理由はわかったので、ここで、具体的な問題解決方法を提案したくなってしまうのですが…実は、もう1つしなければいけないことがあります。
それは、〝どのタイミングで″〝いくらくらい″の収支改善をする必要があるのか?根本的な措置方法を知っておくことです。

どれくらい改善させればよいの?

今回の事例では、最も預金残高が減少する最悪期は15年目の▲143万円ですから、此処がポイントになります。余裕資金として、生活費の半年分:147万円(2017年時点の年間基本生活費294万円の半分)、余裕を見て150万円を見積もることにしましょう。
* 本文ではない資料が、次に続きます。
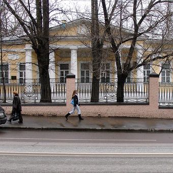 La calle Ostozhenka corre por el centro de Moscú con edificios del siglo XIX tardío junto a estructuras modernas en ambos lados. La mezcla de mansiones antiguas y construcciones contemporáneas crea una calle variada.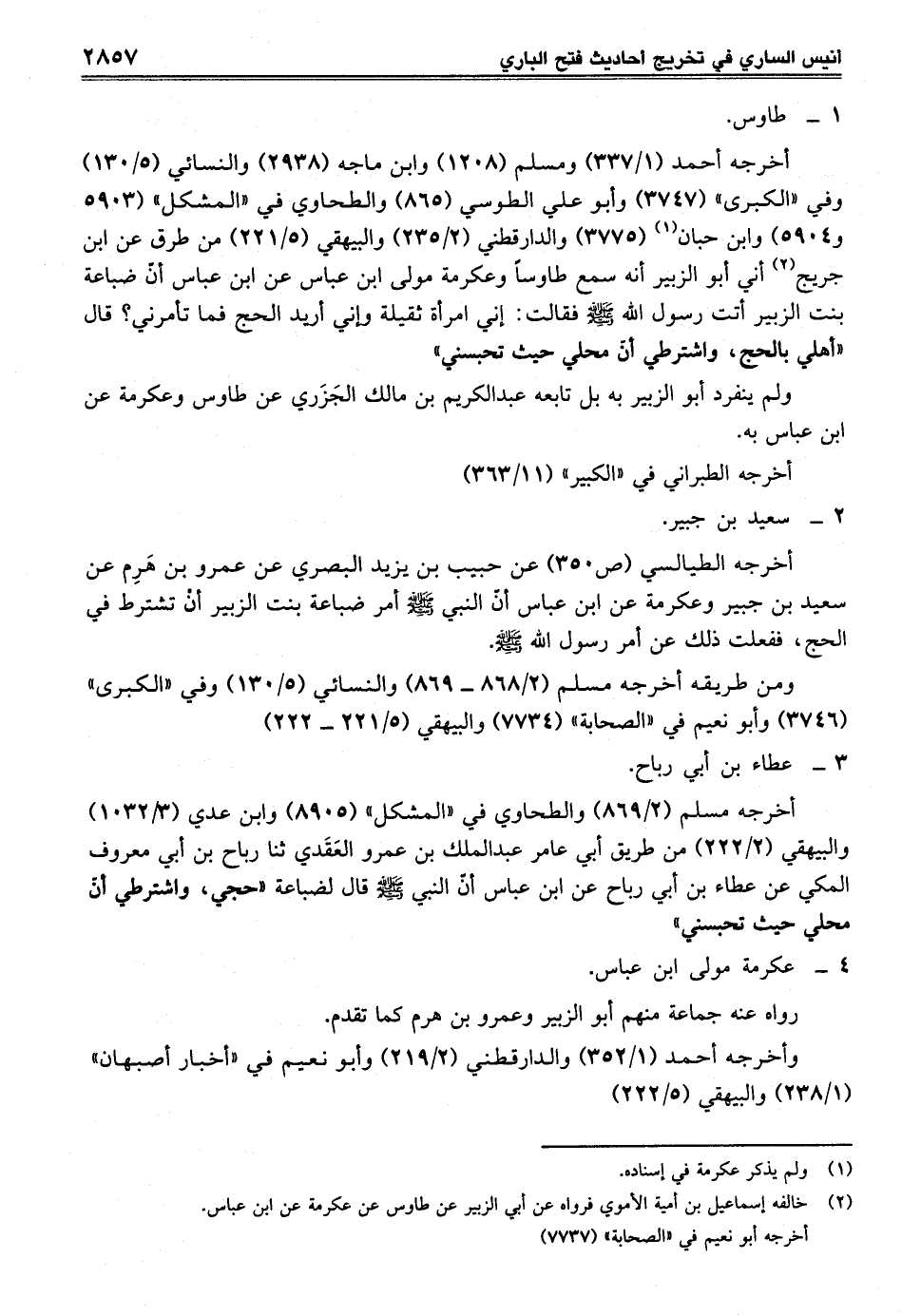 أخرجه الطيالسي (ص 350) عن حببب بن يزيد البصري عن عمرو بن هَرِم عن سعيد بن جبير وعكرمة عن ابن عباس أنّ النبي - صلى الله عليه وسلم - أمر ضباعة بنت الزبير أنْ تشترط في الحج، ففعلت ذلك عن أمر رسول الله - صلى الله عليه وسلم -.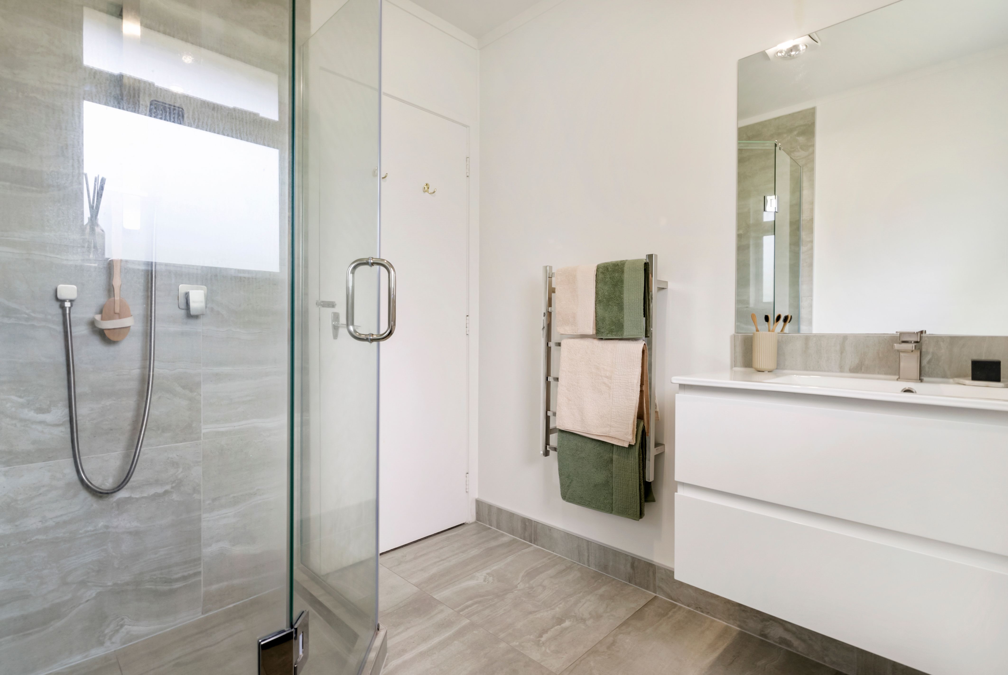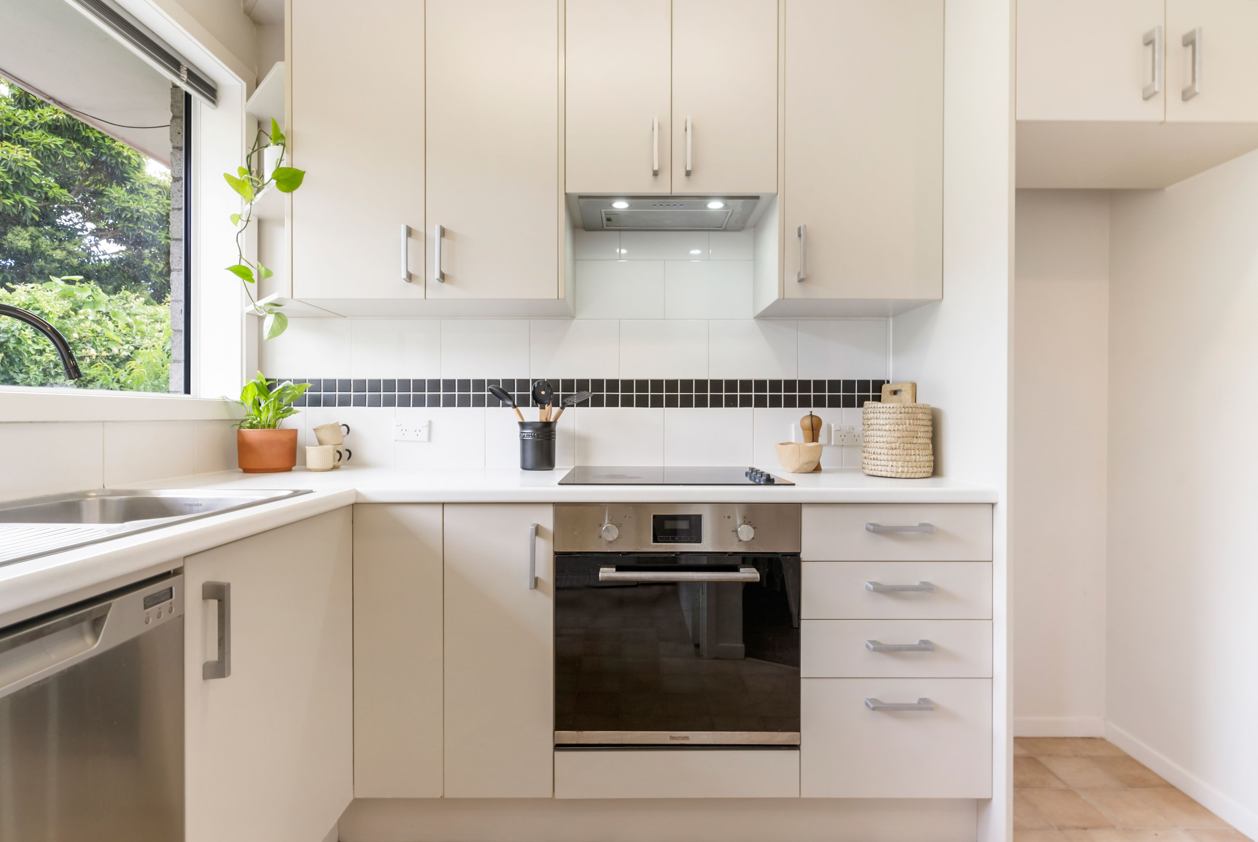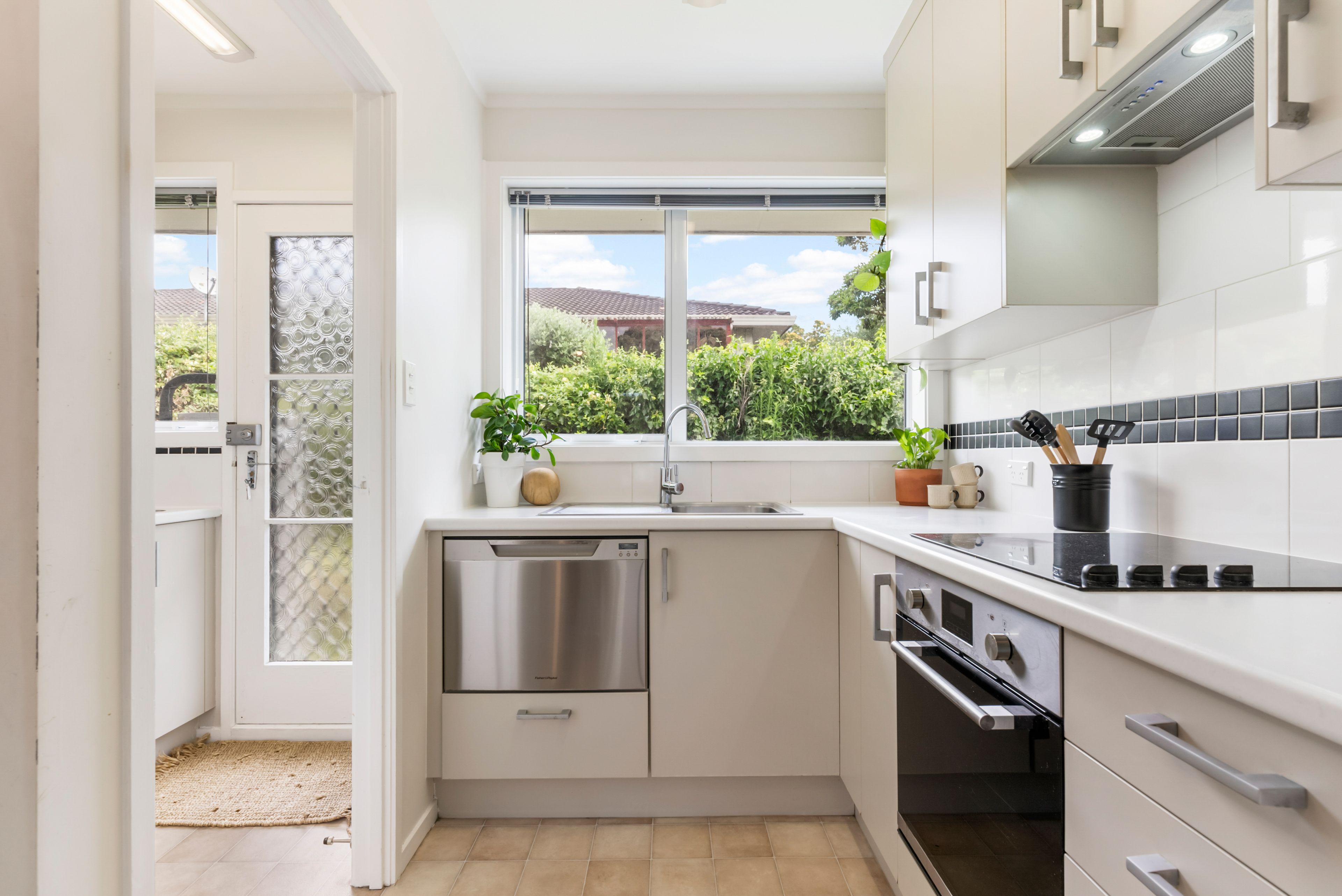 Recently treated to a substantial upgrade, the insulated and double-glazed interior has been freshly repainted in agreeable neutral tones. All this underpinned by new carpets while new drapes and blinds create a ready made setting for folk who are keen to just move in and relax. The front door opens into a spacious open plan lounge fitted with wall mounted heat pump and allocated nook for the dining suite. Alongside this, a newly installed kitchen has pleasant greenery aspect and boasts lots of cabinetry, stainless steel appliances and tiled splash back. The laundry in the back door foyer is another recent upgrade and offers abundant storage cupboards, benchtop, and smart white wall tiles with black mosaic inserts. Two double bedrooms share a brand-new tiled bathroom with extractor fan, heated towel rail and elegant frameless glass tiled shower stall complete with recessed storage.

そうすると、改善金額は、15年目に293万円ということになります。
もちろん、このCF表に示されていない36年目以降の数値も確認すべきなのですが、今回のご相談は住宅購入を主目的にしているので、このハードルを超えた後に老後の対応については検討することにします。では、どれくらい改善できればよいのでしょうか。
「15年間で293万円の赤字を解消する必要がある!」というと、「かなり大変だなぁ」と言う心証を持たれる方が多いはずです。
そこで、「時間単価(千円以下、四捨五入)」で考えるようにしましょう。例えば、年単位で考えると〝20万円″(≒293万円÷15年)、月単位で考えると〝2万円″(≒20万円÷12カ月)ということになり、当初は「無理だ」と思えた金額も、「できるな!」に変化するのではないでしょうか? このようにイメージしやすい数値に引き直すことも必要です。

実現可能な対策を考える

ここまでくれば、後は具体的な対応策を検討することになります。
まず、①「住宅ローンの見直し」、つまり相談者にとって適正な金利水準を見つける事から始めることにしましょう。現実的な対応が可能か否かはともかく、数値的には1つの答えになります。また、固定費を見直した方が精神的にも、苦痛が少ないと思います。
ただ、既に提携ローンなど比較的有利な条件で住宅ローンを組まれている場合は住宅ローンの組み直しは効果が薄いでしょう。
そこで収支改善の王道である、②節約など家計改善、つまり、適正な支出水準の割り出し、修正を検討する必要があります。
また、③「(住宅)購入価格を見直す」、つまり、購入価格自体を下げるという考えもあるのではないでしょうか?
いずれの対策を検討するにしろ、ポイントとなるのは、相談者の気持ちも含めた「実現可能性」です。